Whatever the figure, drug industry critics were quick to point out that the companies spent much less money creating new drugs than they spent creating new demand for drugs. As an industry, pharmaceutical manufacturers spent $10 billion a year on marketing, but only $9 billion a year on research and development. The $10 billion in marketing money was being spent largely to sway the opinions of America’s 550,000 prescribing doctors. FDA chairman David Kessler joined the growing pharmaceutical feeding frenzy by suggesting that large promotion budgets were leading to inappropriate prescribing. “People will be hurt,” he told the Times, because the “promotion is designed to create a market for a product … [but] not necessarily the market that will benefit from the drug.”

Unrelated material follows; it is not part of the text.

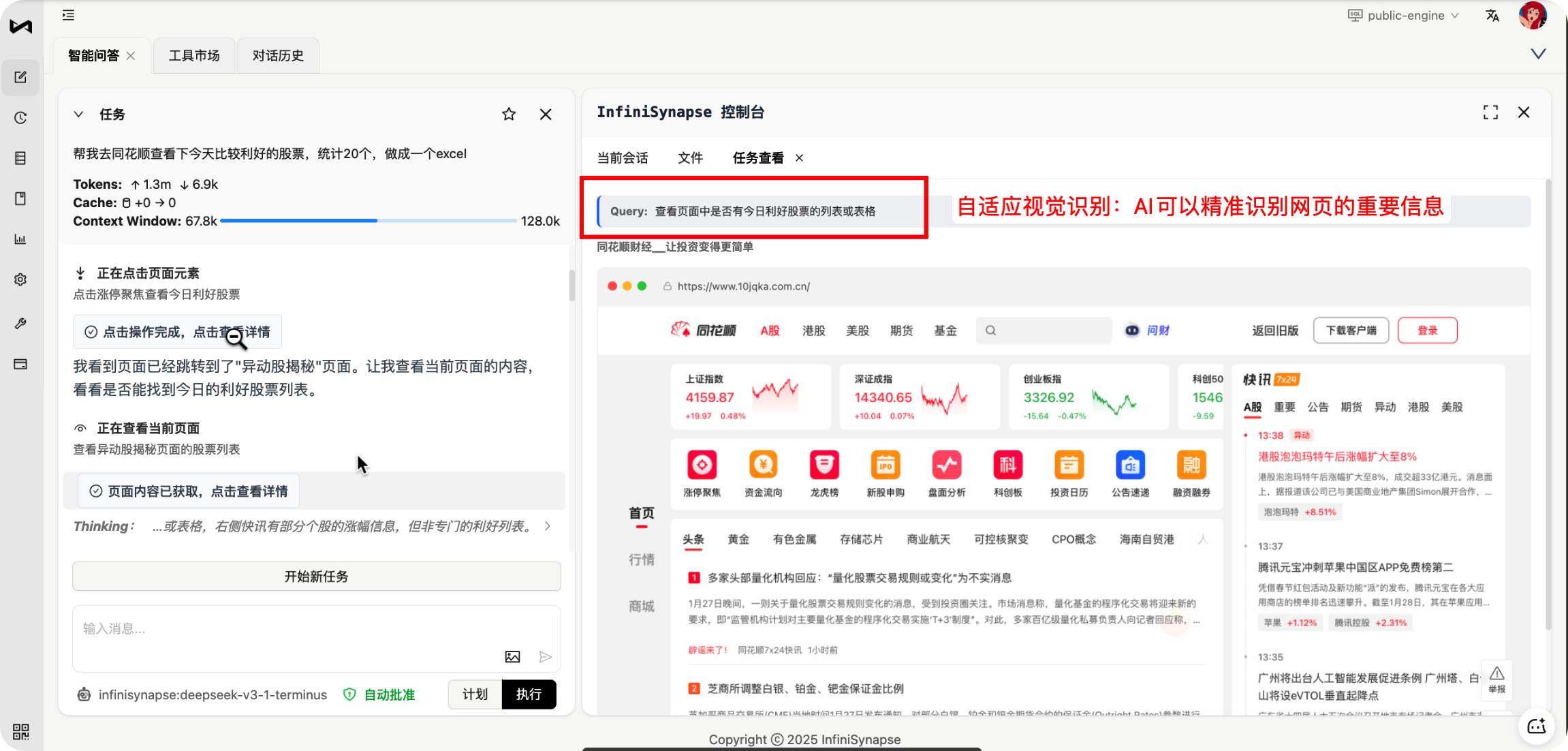 今天,我们终于在 InfiniSynapse SaaS 版中添加了 Browser Use 的原生支持,并且在 DeepSeek V3 模型中获得了 Sota 效果,节约 10 倍以上成本,让 Browser Use 的实用性越来越高,已经完全可以被用的起,用的好。
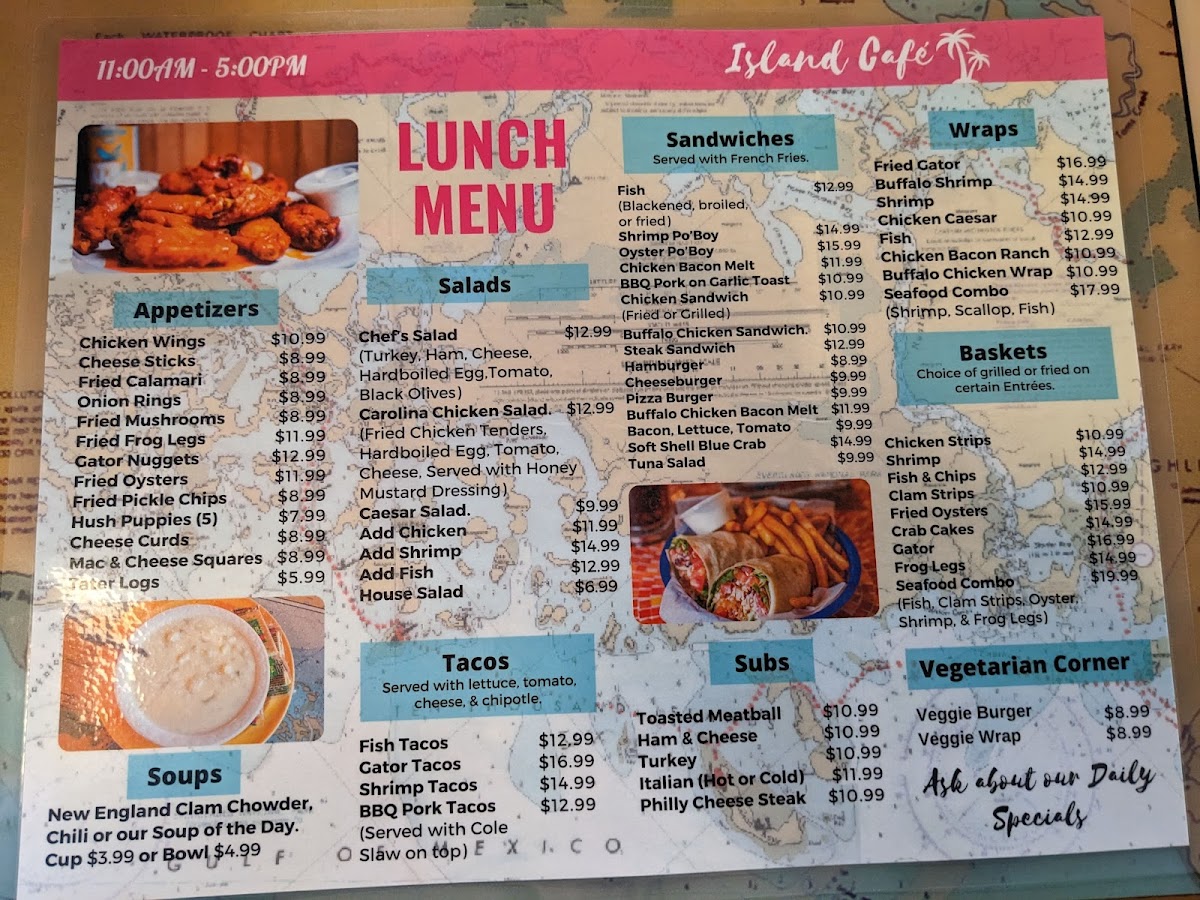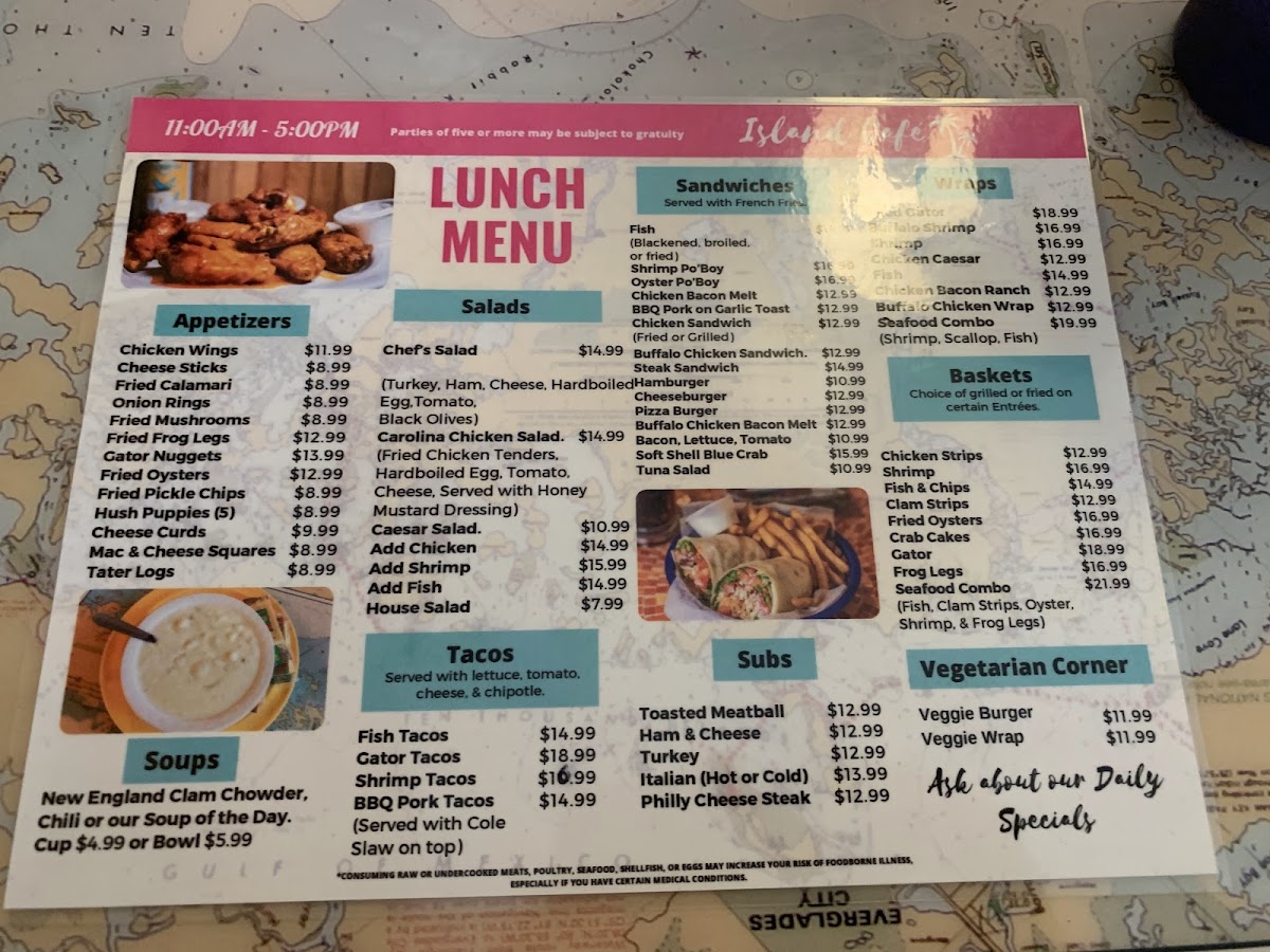 (Fish, clam strips, oyster, shrimp and frog legs)

Industry critics also pointed out that while the companies were spending $9 billion on R&D, more than half the medicines they were developing were me-too drugs. This assessment was based on the FDA’s internal system for determining whether a new drug provided “significant improvement” over what was already available, “modest improvement” or “no improvement” at all; essentially, it was an official government “me-too rating.” When the high percentage of me-too drugs became a public embarrassment and a potential liability on Wall Street, the companies took immediate action. They forced the FDA to abolish the me-too ratings.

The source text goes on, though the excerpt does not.